* What is expected
In the records below, begin at the line containing "Printed College Sweatshirt" and end at the line containing "Chi tiết sản"; quote every line in that span exactly, including both boundary lines, and no others.

* Information

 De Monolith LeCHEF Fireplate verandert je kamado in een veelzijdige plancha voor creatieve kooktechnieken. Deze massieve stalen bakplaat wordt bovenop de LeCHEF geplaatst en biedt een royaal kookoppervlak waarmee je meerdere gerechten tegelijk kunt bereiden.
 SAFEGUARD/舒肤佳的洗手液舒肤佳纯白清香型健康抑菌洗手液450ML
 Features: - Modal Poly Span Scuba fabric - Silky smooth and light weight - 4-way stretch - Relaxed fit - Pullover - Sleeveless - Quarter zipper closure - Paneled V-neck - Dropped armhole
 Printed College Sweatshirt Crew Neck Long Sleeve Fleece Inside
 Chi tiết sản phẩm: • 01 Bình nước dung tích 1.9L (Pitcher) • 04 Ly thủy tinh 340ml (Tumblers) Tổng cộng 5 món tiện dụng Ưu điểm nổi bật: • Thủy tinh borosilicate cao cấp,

---

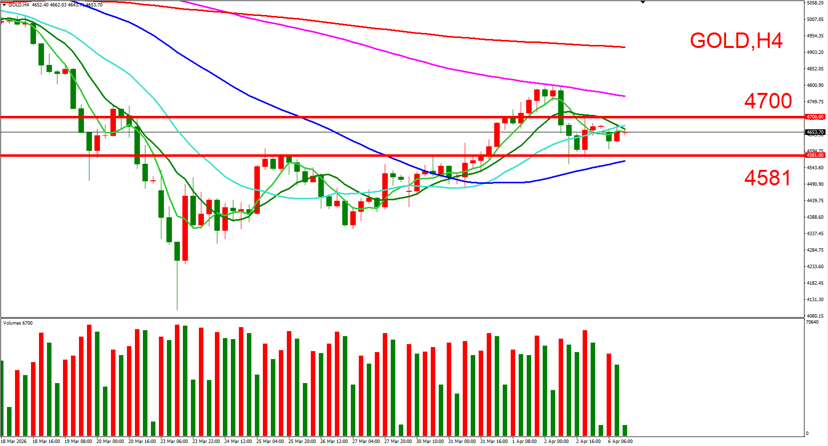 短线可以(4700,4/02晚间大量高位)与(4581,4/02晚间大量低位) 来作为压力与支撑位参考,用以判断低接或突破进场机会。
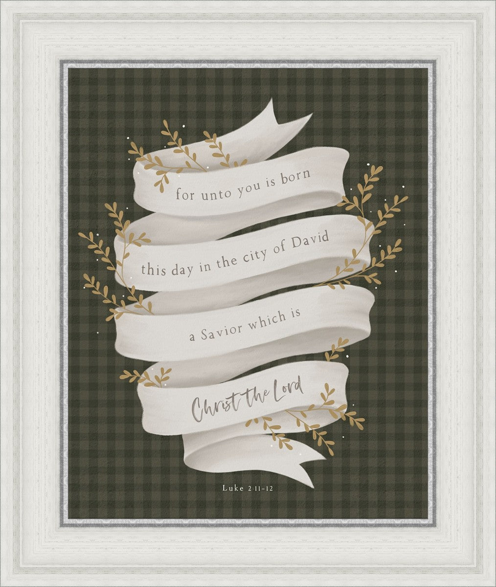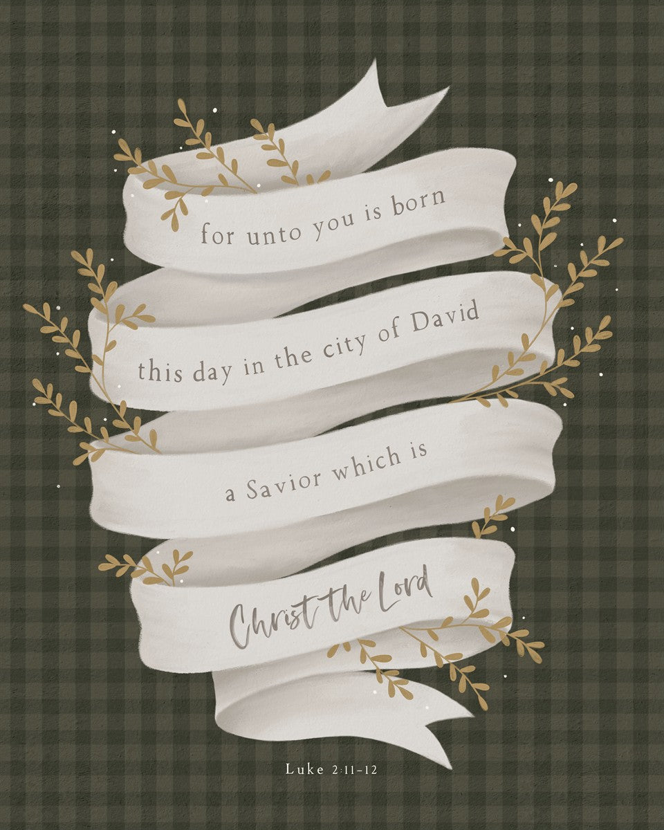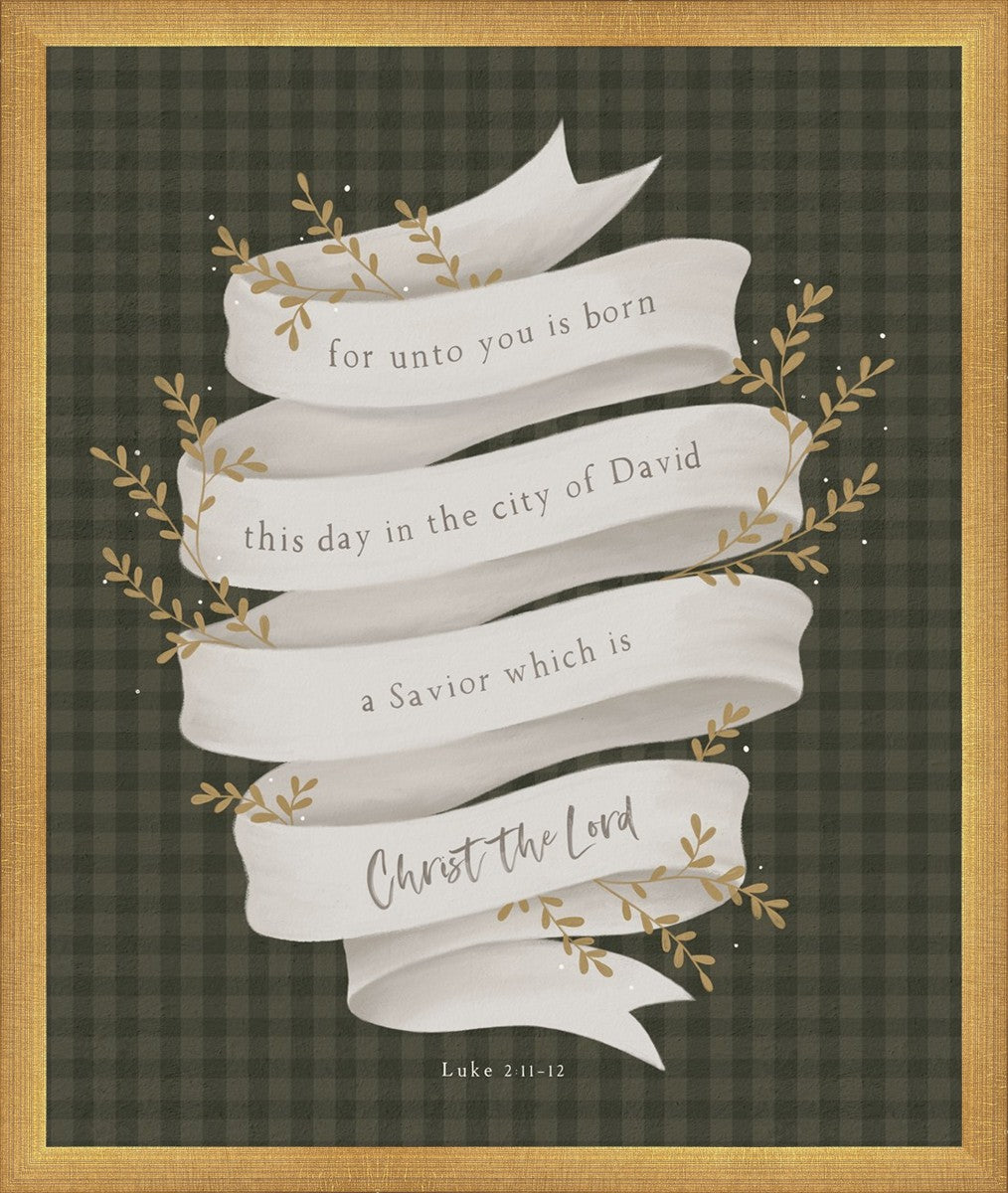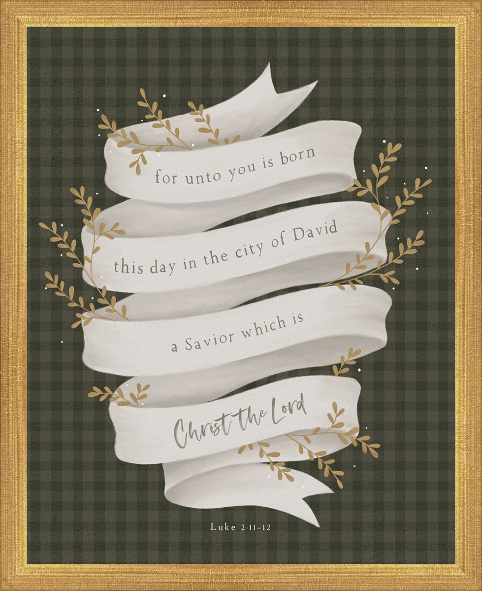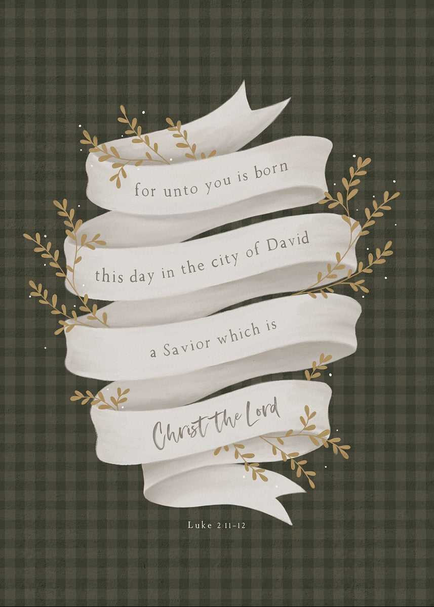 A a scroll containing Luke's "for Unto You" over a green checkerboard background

* Solution to this task
 Printed College Sweatshirt Crew Neck Long Sleeve Fleece Inside
 Chi tiết sản phẩm: • 01 Bình nước dung tích 1.9L (Pitcher) • 04 Ly thủy tinh 340ml (Tumblers) Tổng cộng 5 món tiện dụng Ưu điểm nổi bật: • Thủy tinh borosilicate cao cấp,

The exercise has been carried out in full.